A recent poll from Democracy Corps found that 55 percent of likely voters in this November's elections believe Barack Obama is a socialist. It should go without saying that the President's policies and rhetoric have been anything but "socialistic," of course. He extended Bush's taxpayer bailout of Wall Street. His health care plan was more private-sector friendly than the one Richard Nixon proposed. He hasn't raised taxes, nationalized a single industry, or cut a red cent from the defense budget. So why have more than half of likely voters fallen for the right-wing caricature of our decidedly centrist President as the second coming of Che Guevara?

At least one answer is: what choice have they had? What equally vivid, galvanizing themes have been articulated by Democrats in response? How has the Obama Administration's political style defined the President, his core values and beliefs?

The Obama Administration needs to learn that there is more at stake in their debates with Republicans than the immediate legislation at hand. The timid, accommodating Democratic posture of the last thirty years has ceded more than mere political ground to conservatives. Every substantive and rhetorical bone thrown to the right has propped up an ever expanding, ever more influential edifice of crazy. When the Obama Administration ran away from including a public option in the health care plan, or the restoration of Glass-Steagal-type financial "firewalls," when it preemptively shaved the stimulus spending down to about half of what it should have been, at a time when those ideas were being described as "tyrannical," it not only lent credence to the fantastical free-market premises that got us into this crisis in the first place, it encouraged the foundational beliefs of the former lunatic "fringe" that has taken over the conservative movement.

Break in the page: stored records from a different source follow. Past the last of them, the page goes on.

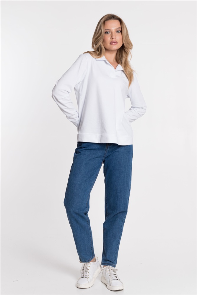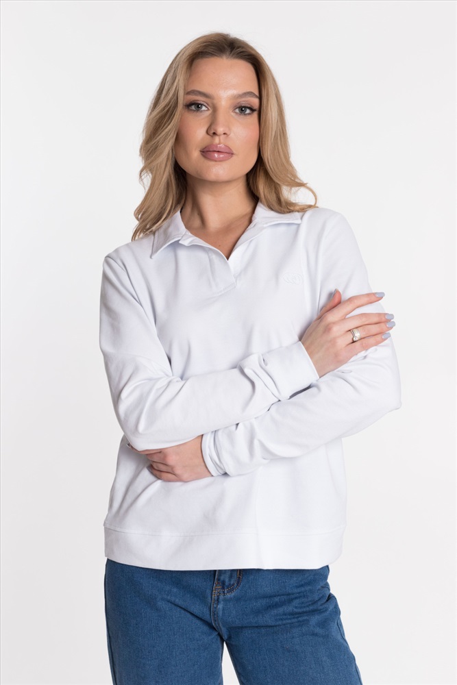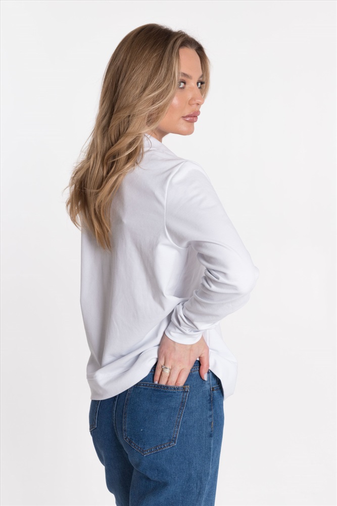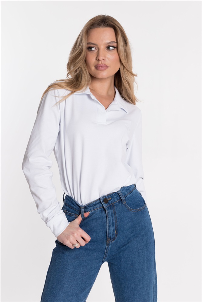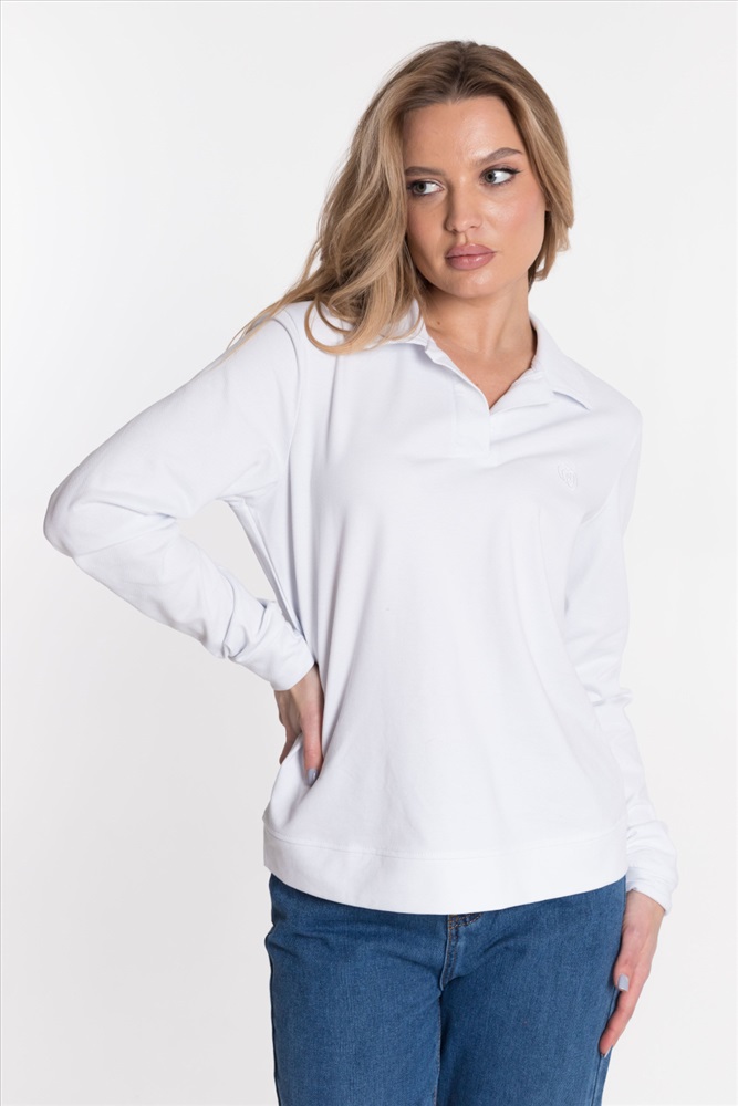 Сезон: Всесезонный Силуэт: Свободный Состав: Хлопок 100% Цвет Номенклатуры: белый Футболка с длинным рукавом выполнена из полотна "пике". На полочке расположена вышивка, низ футболки оформлен притачным поясом. Комментарии к товару
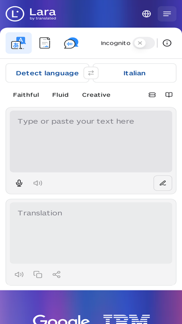 100%Мгновенно переводите тексты, разговоры и документы более чем на 200 языков с помощью переводчика Lara, самого надёжного в мире переводчика на основе ИИ.
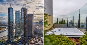 В строящихся небоскребах напротив «Сити» начали устанавливать стеклянные беседки и джакузи на крыше

Yet the White House has treated the sudden Republican concern with the deficit as genuine, once again preemptively ceding ground -- three trillion dollars worth of ground -- on all the Bush tax cuts except those aimed at the top two-percent, and then quickly given up the fight for even that relatively thin slice of sanity. They have allowed Republicans to characterize the entirely sensible, conventional idea that stimulative spending is good for a contracting economy as the wild-eyed profligacy of a socialist bent on wrecking the economy as "payback for slavery," as Rush Limbaugh recently put it. If the White House thought that kind of idea was too crazy to gain any purchase with the public, they haven't been paying attention.

Which wouldn't be unusual for Democrats. The habitually cool response of the administration to the right's paranoid, delusional rhetoric is a repeat of the same political mistake Democrats like Michael Dukakis, Bill Clinton and John Kerry have been making for years -- underestimating the metastatic reach of such rhetoric and the tenacious hold it can take in the public consciousness. But the stakes are so much higher now than they used to be.

If the last thirty years teaches us anything, it's that the Obama Administration needs to shake off worries about dignifying conservative craziness with a response. And they need to do it before they're Swift Boated, Willie Hortoned, Whitewatered, or worse. Whatever happens in November, they need to use the next two years to forcefully, repeatedly confront the delusionists, articulate a clear vision in powerfully symbolic language, and connect the dots between that vision and policy. They need to learn how to fight the good fight, even for causes that might, at the moment, seem hopeless, and especially for the most direly consequential cause of all: keeping our politics from going completely off the rails. There's more at stake than just an election.